- INSTRUCTIONS TO FOLLOW
Reproduce only this stretch of the listing below: from the line with "Entonces, volviendo a" through the line with "The uploaded document", exactly as written, with pictures excluded.

Top of PROVIDED INFORMATION

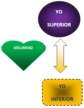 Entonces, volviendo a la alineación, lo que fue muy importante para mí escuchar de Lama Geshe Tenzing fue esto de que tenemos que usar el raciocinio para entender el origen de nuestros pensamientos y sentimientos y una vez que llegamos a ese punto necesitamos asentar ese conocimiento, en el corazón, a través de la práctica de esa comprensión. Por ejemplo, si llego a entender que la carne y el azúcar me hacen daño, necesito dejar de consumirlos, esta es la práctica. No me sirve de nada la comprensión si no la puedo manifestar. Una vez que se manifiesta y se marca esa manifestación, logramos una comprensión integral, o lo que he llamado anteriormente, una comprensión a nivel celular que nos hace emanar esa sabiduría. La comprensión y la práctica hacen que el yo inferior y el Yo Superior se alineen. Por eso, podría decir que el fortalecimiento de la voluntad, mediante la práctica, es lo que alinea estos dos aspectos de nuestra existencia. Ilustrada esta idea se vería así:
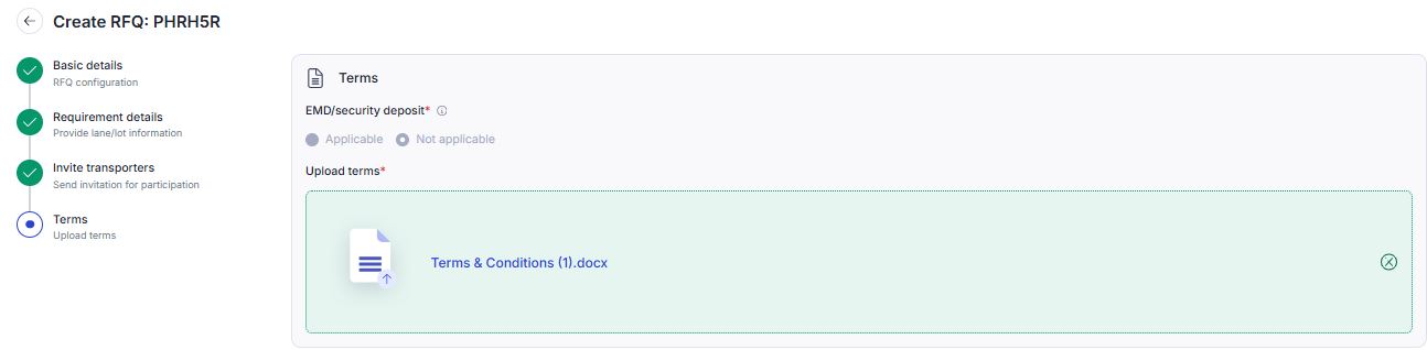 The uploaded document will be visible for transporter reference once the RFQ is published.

Bottom of PROVIDED INFORMATION
Top of PROVIDED INFORMATION

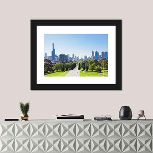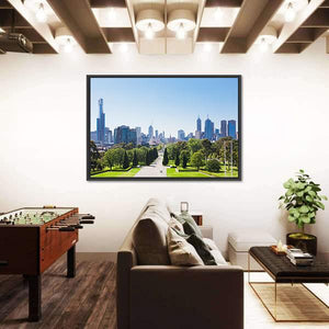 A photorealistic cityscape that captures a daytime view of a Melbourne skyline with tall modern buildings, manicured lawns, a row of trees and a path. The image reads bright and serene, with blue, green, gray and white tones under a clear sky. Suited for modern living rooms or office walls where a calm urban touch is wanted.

Bottom of PROVIDED INFORMATION
Top of PROVIDED INFORMATION

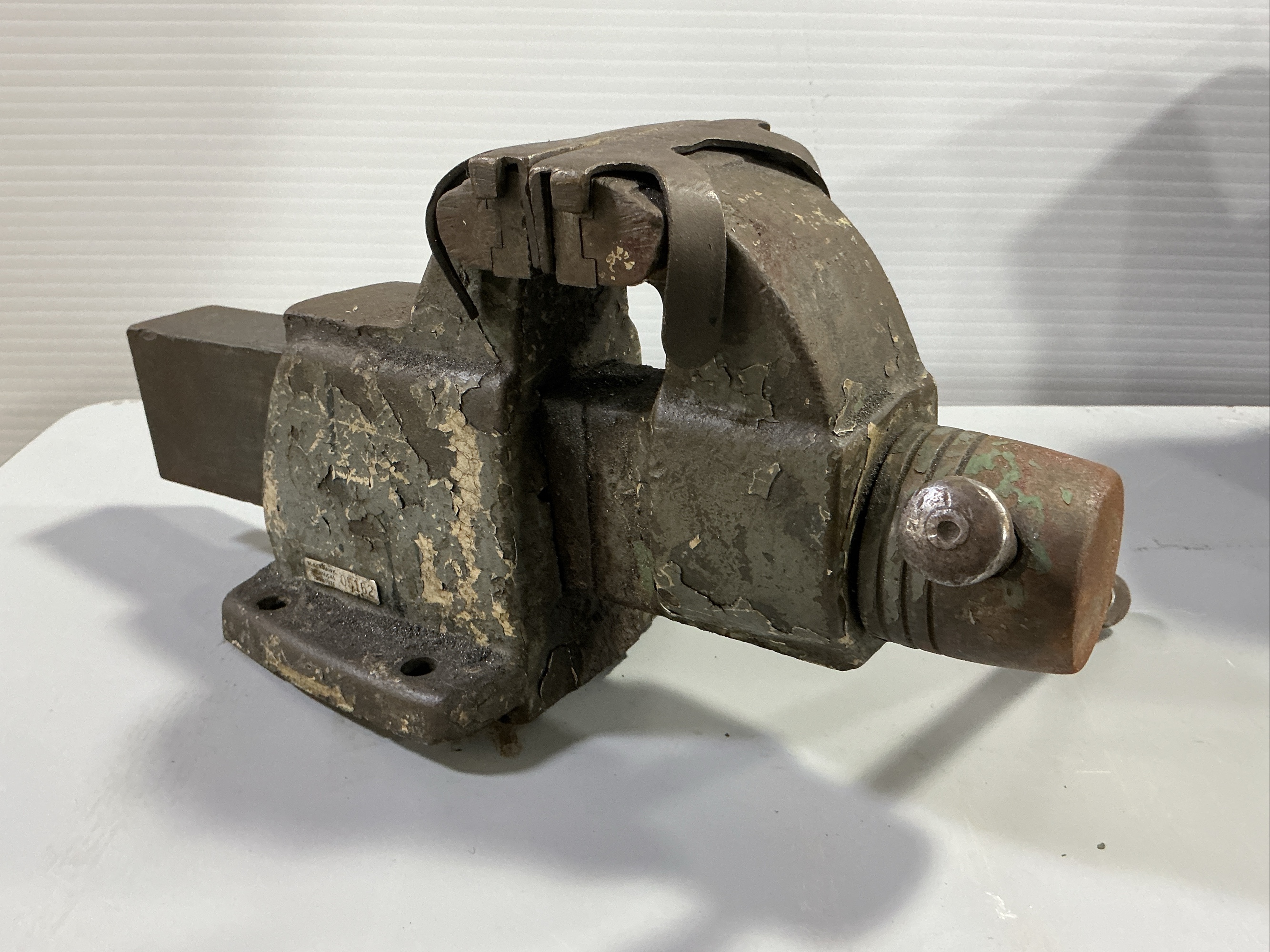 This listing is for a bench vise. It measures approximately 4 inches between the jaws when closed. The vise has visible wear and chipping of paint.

Bottom of PROVIDED INFORMATION

- EXERCISE RESULT
 Entonces, volviendo a la alineación, lo que fue muy importante para mí escuchar de Lama Geshe Tenzing fue esto de que tenemos que usar el raciocinio para entender el origen de nuestros pensamientos y sentimientos y una vez que llegamos a ese punto necesitamos asentar ese conocimiento, en el corazón, a través de la práctica de esa comprensión. Por ejemplo, si llego a entender que la carne y el azúcar me hacen daño, necesito dejar de consumirlos, esta es la práctica. No me sirve de nada la comprensión si no la puedo manifestar. Una vez que se manifiesta y se marca esa manifestación, logramos una comprensión integral, o lo que he llamado anteriormente, una comprensión a nivel celular que nos hace emanar esa sabiduría. La comprensión y la práctica hacen que el yo inferior y el Yo Superior se alineen. Por eso, podría decir que el fortalecimiento de la voluntad, mediante la práctica, es lo que alinea estos dos aspectos de nuestra existencia. Ilustrada esta idea se vería así:
 The uploaded document will be visible for transporter reference once the RFQ is published.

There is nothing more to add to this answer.